**What the exercise asks:**
Under this line is a listing; return exactly the lines starting at the one with "二、用户委托---建设工程有" and running down to the one with "Петербургские суворовцы показали", and leave out its pictures.

**Given information:**
---

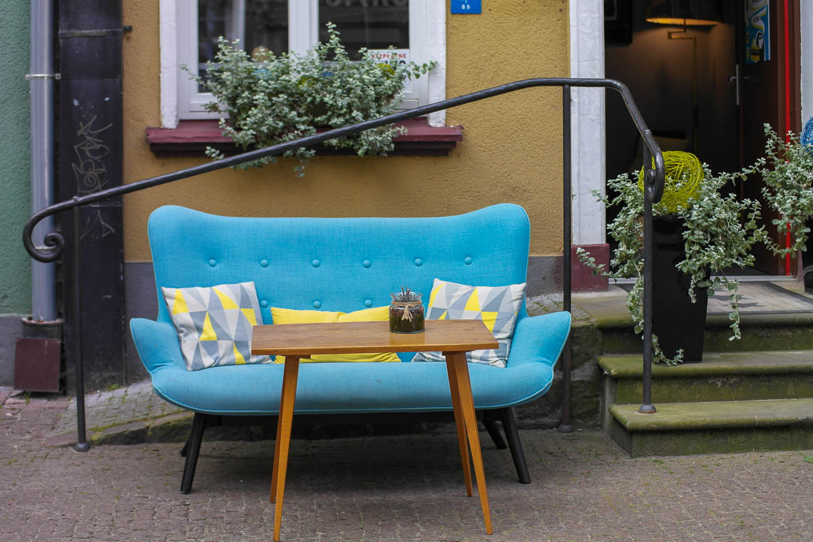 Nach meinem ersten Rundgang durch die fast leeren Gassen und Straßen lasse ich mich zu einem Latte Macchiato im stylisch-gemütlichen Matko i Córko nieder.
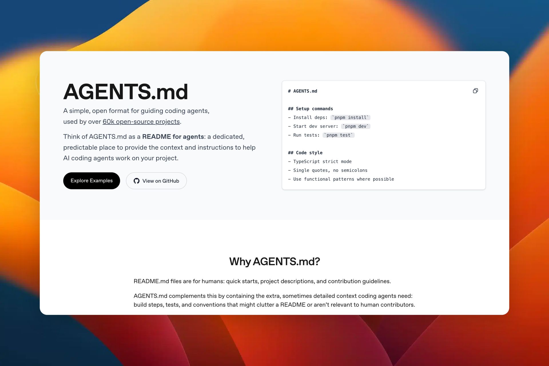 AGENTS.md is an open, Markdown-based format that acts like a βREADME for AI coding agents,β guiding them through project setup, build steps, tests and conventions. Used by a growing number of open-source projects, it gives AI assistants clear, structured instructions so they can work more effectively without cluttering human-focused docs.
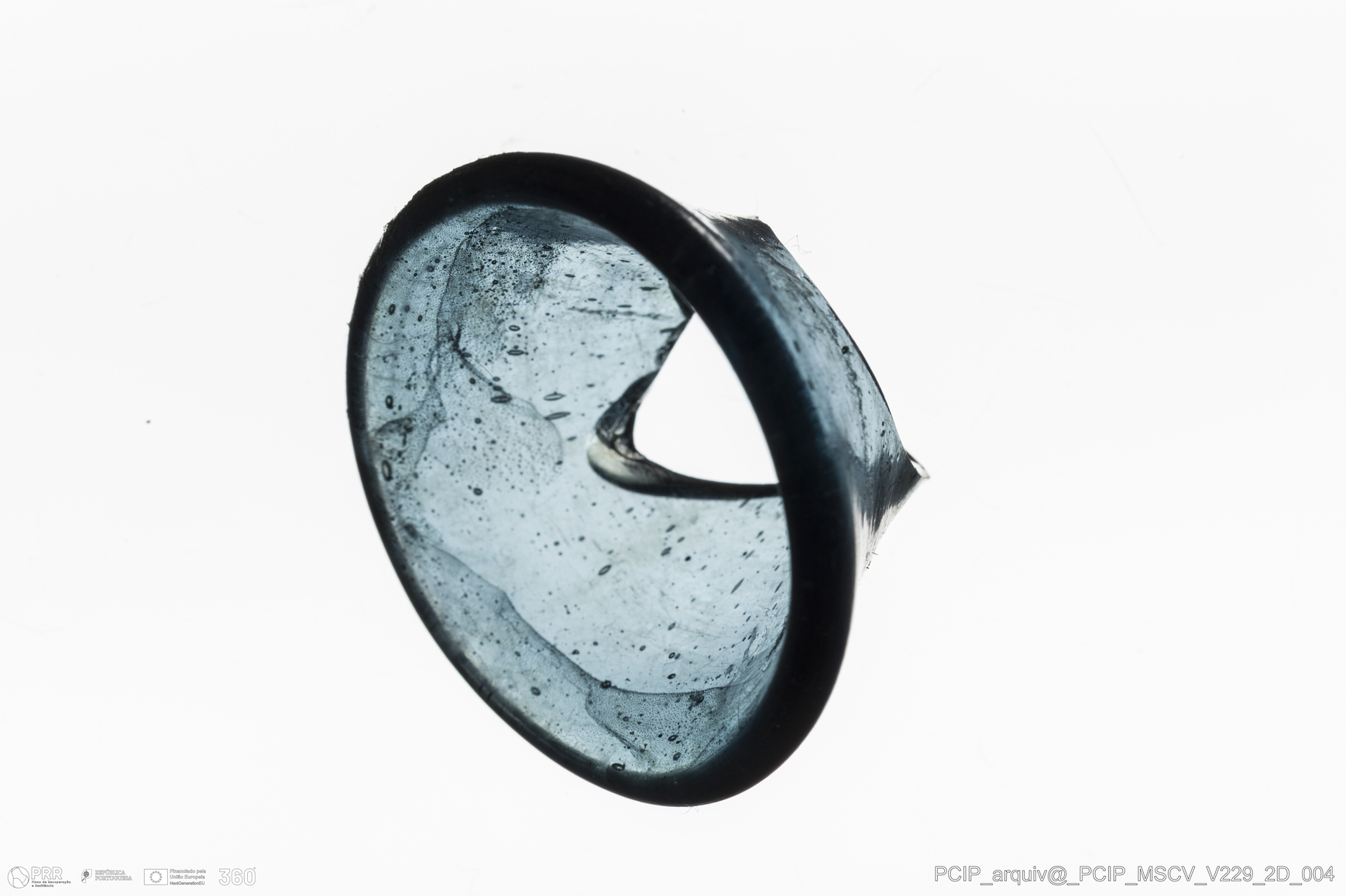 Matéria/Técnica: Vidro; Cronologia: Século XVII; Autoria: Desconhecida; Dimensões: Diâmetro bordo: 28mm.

---

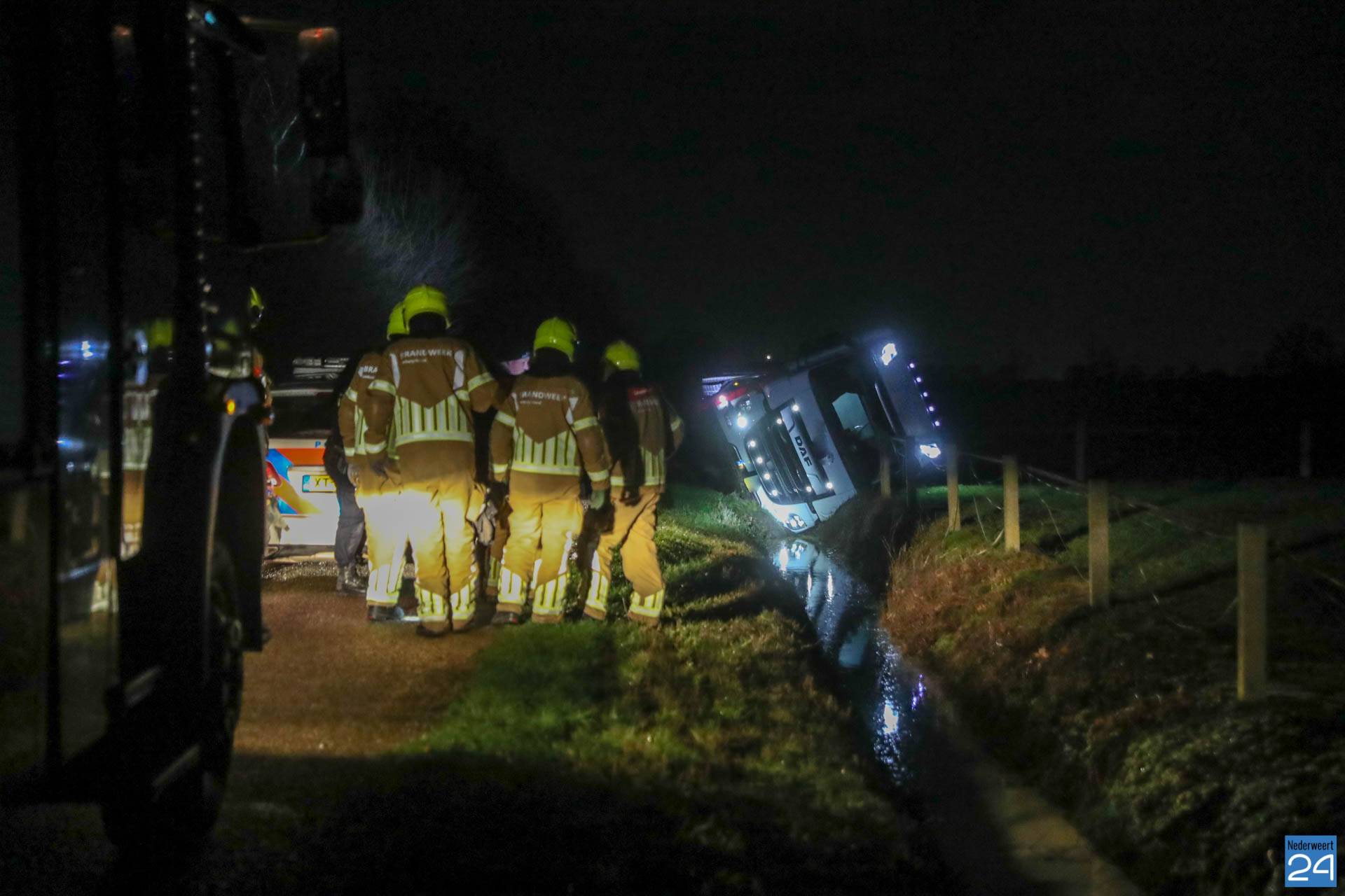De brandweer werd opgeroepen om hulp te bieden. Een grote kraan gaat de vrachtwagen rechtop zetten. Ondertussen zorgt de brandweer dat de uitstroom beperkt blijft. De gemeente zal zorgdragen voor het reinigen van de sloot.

---

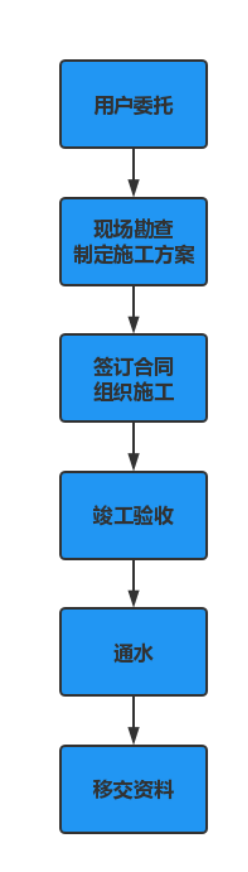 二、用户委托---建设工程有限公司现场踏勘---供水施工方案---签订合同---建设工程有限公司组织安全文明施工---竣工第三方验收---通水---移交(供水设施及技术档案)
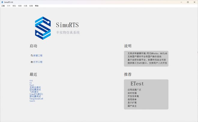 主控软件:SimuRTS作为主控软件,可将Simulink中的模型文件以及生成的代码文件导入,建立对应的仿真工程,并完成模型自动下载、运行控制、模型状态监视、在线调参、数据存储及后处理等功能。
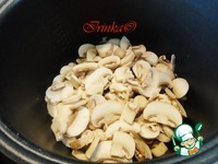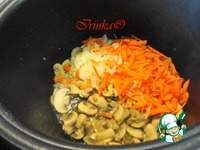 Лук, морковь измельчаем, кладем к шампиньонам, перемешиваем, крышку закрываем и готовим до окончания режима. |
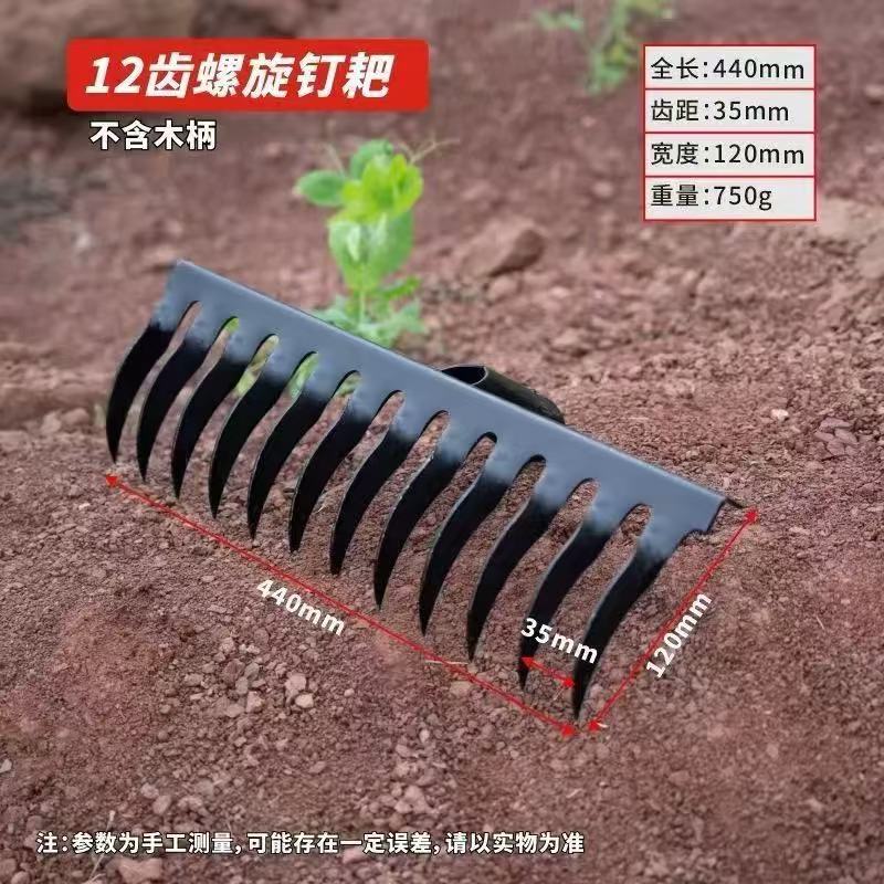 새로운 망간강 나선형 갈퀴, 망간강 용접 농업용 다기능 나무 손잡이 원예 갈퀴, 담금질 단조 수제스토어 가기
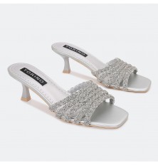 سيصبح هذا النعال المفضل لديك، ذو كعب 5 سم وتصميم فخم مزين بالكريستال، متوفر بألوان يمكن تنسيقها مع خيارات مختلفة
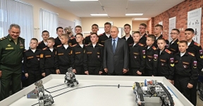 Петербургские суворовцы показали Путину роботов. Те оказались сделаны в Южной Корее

---

**Result of the exercise:**
 二、用户委托---建设工程有限公司现场踏勘---供水施工方案---签订合同---建设工程有限公司组织安全文明施工---竣工第三方验收---通水---移交(供水设施及技术档案)
 主控软件:SimuRTS作为主控软件,可将Simulink中的模型文件以及生成的代码文件导入,建立对应的仿真工程,并完成模型自动下载、运行控制、模型状态监视、在线调参、数据存储及后处理等功能。
 Лук, морковь измельчаем, кладем к шампиньонам, перемешиваем, крышку закрываем и готовим до окончания режима. |
 새로운 망간강 나선형 갈퀴, 망간강 용접 농업용 다기능 나무 손잡이 원예 갈퀴, 담금질 단조 수제스토어 가기
 سيصبح هذا النعال المفضل لديك، ذو كعب 5 سم وتصميم فخم مزين بالكريستال، متوفر بألوان يمكن تنسيقها مع خيارات مختلفة
 Петербургские суворовцы показали Путину роботов. Те оказались сделаны в Южной Корее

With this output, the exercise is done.